Indian Burying Ground, The, is a poem by the American poet and journalist Philip Freneau. In his lifetime, Freneau was best known as the poet of the American Revolution (1775-1783) because of his prolific creation of patriotic, anti-British verse in the years surrounding the revolution. But Freneau is better remembered today for his nonpolitical verse, and especially for poetry in the style of the Romantic poets. The Romantic poets of the late 1700’s and early 1800’s valued emotion, sensation, the beauty of nature, and the power of the imagination.
“The Indian Burying Ground” shows Freneau’s admiration for the ways of Indigenous (native) American peoples, sometimes called “Indians.” The poem was published in 1788, in the collection entitled Miscellaneous Works. In his poem, Freneau refers to the Indigenous custom of burying the dead sitting up, finding it symbolic of an active spirit. Rather than being laid to rest for “the soul’s eternal sleep,” the dead hunter is prepared for a continuing journey.

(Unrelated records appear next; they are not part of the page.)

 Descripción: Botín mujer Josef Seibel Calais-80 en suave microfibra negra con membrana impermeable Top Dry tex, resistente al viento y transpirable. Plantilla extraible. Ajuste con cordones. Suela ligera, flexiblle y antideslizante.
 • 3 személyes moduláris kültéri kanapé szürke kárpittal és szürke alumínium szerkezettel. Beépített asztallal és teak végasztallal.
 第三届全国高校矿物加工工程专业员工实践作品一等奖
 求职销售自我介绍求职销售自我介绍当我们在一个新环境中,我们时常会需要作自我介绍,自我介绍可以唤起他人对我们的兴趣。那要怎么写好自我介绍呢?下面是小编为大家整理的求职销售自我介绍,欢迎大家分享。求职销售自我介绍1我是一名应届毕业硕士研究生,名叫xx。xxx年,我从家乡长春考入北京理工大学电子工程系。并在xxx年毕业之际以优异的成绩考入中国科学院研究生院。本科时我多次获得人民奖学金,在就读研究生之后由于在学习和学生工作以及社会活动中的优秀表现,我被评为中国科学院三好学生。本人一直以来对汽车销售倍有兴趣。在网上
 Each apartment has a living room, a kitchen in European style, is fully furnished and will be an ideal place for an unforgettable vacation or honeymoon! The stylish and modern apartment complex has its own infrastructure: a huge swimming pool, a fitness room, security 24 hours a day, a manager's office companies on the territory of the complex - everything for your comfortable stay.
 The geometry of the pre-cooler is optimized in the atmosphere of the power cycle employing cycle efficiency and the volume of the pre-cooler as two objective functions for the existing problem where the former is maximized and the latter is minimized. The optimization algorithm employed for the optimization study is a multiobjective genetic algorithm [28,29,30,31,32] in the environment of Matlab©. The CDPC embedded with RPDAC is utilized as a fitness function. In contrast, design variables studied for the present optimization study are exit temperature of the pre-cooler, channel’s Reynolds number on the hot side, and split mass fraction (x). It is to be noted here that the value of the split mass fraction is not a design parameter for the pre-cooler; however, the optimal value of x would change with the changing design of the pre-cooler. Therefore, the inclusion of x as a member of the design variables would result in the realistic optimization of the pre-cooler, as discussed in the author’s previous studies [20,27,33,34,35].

In spite of all the learned have said, I still my old opinion keep; The posture, that we give the dead, Points out the soul’s eternal sleep. Not so the ancients of these lands— The Indian, when from life released, Again is seated with his friends, And shares again the joyous feast. His imaged birds, and painted bowl, And venison, for a journey dressed, Bespeak the nature of the soul, Activity, that knows no rest. His bow, for action ready bent, And arrows, with a head of stone, Can only mean that life is spent, And not the old ideas gone. Thou, stranger, that shalt come this way, No fraud upon the dead commit— Observe the swelling turf, and say They do not lie, but here they sit. Here still a lofty rock remains, On which the curious eye may trace (Now wasted, half, by wearing rains) The fancies of a ruder race. Here still an aged elm aspires, Beneath whose far-projecting shade (And which the shepherd still admires) The children of the forest played! There oft a restless Indian queen (Pale Shebah, with her braided hair) And many a barbarous form is seen To chide the man that lingers there By midnight moons, o’er moistening dews, In habit for the chase arrayed, The hunter still the deer pursues, The hunter and the deer, a shade! And long shall timorous fancy see The painted chief, and pointed spear, And Reason’s self shall bow the knee To shadows and delusions here.
Freneau’s defense of Indigenous American peoples was notable at a time when few people questioned colonial domination of an area’s original inhabitants. But his romanticized view of the Indigenous American living in harmony with nature is typical of his era. Concepts of the “noble savage” had become popular in Europe in the 1700’s during the Enlightenment, or Age of Reason. Such ideas largely started with the French philosopher Jean-Jacques Rousseau, who popularized the idea of humanity returning to an earlier innocence (see Rousseau, Jean-Jacques). Freneau’s idealized picture of “children of the forest” is similar to such ideas.
Philip Freneau’s poetry stands out as the most significant American verse of its period. No other poet of the same stature emerged between the Puritan poets of the 1600’s and the great American writers of the 1800’s.